In sum, these moves highlight the Kremlin’s pro-active double-track policy of setting the stage for a final settlement of the Syrian drama, hoping to avoid being bogged down in the hostilities as the USSR was in Afghanistan in the 1980s. It also gives Russia a chance of overcoming its present isolation by engaging the West in a political process in which it has a high stake.
In the aftermath of Assad’s surprise visit to Moscow, the flurry of diplomatic activities has overshadowed the military gains made by the Syrian government troops, which have taken control over the strategic highway linking Damascus to Homs. But just maybe, the shift towards round-table negotiations was the projection of changing realities on the ground, and Moscow’s demonstrative signal that it still regards Assad as the legitimate national leader.
Notably, U.S. Secretary of State John Kerry did not exclude the presence of an Iranian envoy at the next talks over Syria, saying, quote: “We want to be inclusive.”
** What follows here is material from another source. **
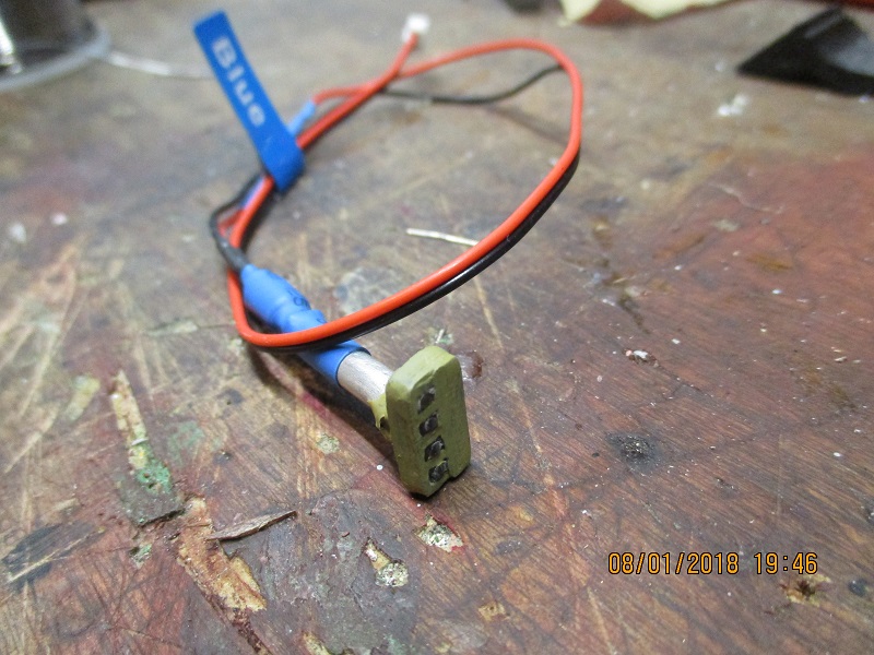 Thx Soeren. Here is convoy light in blue. 5mm LED heat shrink tube to aluminum tube holding the fiber. Luckily, it fit into body without hitting the subwoofer. The LED is plenty bright. I polished the inside ends of the fishing line w/1500 grit, but it was old poor quality line and not very reflective internally. But, I think it's scale brightness (in other words, dim).

As a follow-up to the Vienna talks, the Kingdom of Jordan, the region’s staunchly pro-West nation, has opted to start receiving updates of Russia’s military action in neighboring Syria. Minister of State for Media Affairs and Communications Mohammad Momani clarified that “the military coordination mechanism between Jordan and Russia concerns southern Syria and aims to ensure security of the Kingdom's northern frontiers.”
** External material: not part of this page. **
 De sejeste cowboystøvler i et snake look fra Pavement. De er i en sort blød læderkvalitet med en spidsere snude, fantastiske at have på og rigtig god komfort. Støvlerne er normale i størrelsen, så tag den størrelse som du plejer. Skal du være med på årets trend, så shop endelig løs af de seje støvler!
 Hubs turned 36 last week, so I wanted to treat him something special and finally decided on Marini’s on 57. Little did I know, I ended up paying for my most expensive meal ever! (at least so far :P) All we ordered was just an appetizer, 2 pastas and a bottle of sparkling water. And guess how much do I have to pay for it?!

In the space of just one week several landmark events have propelled the chances of a political settlement around Syria to heights unprecedented in the last four years of the civil war. Tacitly positive statements have been voiced by top officials in the U.S. and Saudi Arabia. New rounds of talks on the future of Syria involving major international actors are in the pipeline. Would we be right to suspect that something is ‘in the air,’ or is this a delusion?
Grigory Kosach, an expert on the politics of the Arab world and professor at the Russian State University for the Humanities, added a large pinch of salt to these optimistic forecasts in his comments to Troika Report, pointing out that the changing realities on the ground might devalue current diplomatic gains:
“Indeed, there is something ‘in the air.’ But suppose the Syrian army manages to establish control over large areas and helps Assad to consolidate power, then all the expectations linked to elections can evaporate in no time. It would be a mistake to view Assad as Moscow’s ‘puppet.’ He has a game of his own to play…
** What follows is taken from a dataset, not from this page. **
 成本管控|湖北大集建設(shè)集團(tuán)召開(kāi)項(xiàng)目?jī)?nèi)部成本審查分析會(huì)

“Larger expectations of a prompt settlement might be wishful thinking as well. Saudi Arabia and the U.S. agreed to surge supplies of military hardware to the Syrian opposition. Besides, Riyadh reiterated that there was no place for Assad in the Syria of tomorrow. You see, this is a clear indication that despite some encouraging smoke signals in the area, it is all too fragile and the process could be easily derailed.”
No less cautious in his assessment and forecast was Andrei Fyodorov, an expert on Russia’s foreign policy and a former deputy minister of foreign affairs, who made a comment to Troika Report:
“Russia has proposed to bring Iran and Egypt as participants of such meetings. It is obvious that without them, especially without Iran, no progress can be achieved. In terms of elections: parliamentary elections are theoretically possible, but we should take into consideration that there are a lot of preconditions to be met. As for the presidential elections, the West insists they must take place without Bashar al-Assad as a candidate. The latter disagrees. In any case, neither of them can be organized in the months to come.”
- Since Russia and the West cannot agree on the basic terms and conditions of such elections, does it mean that they face many new rounds of gruelling negotiations?
“Much depends on the Syrian army’s advances on the ground. If it were successful, it would strengthen Assad’s position. What’s more, Russia has proposed to assist the Syrian moderate opposition if it is ready to fight Islamic State. To my mind, this will not happen. But the diplomatic process should go hand in hand with the operations on the ground.”
Despite Fyodorov’s understandable pessimism, in response to Moscow’s offer of assistance on the ground (and in the air) one of the founding members of the Free Syrian Army, Fahad Masri said: “We need to facilitate a new meeting, so we can express our position and discuss our joint actions…. We can make a joint decision on what kind of assistance Russia might provide to the Free Syrian Army.”
This is simply additional evidence that the re-alignment and re-configuration of the alliances involved in the multi-layered conflict inside and around Syria is not something out of the question. The positive engagement of formal foes and dubious allies is already rendering previous scenarios of what was to become of Syria redundant.
What’s more, on its Syrian track Russia is showing a willingness and readiness to engage the West in sensible cooperation over a regional crisis that has acquired global overtones. In some way, for Moscow it could be a fast track out of isolation.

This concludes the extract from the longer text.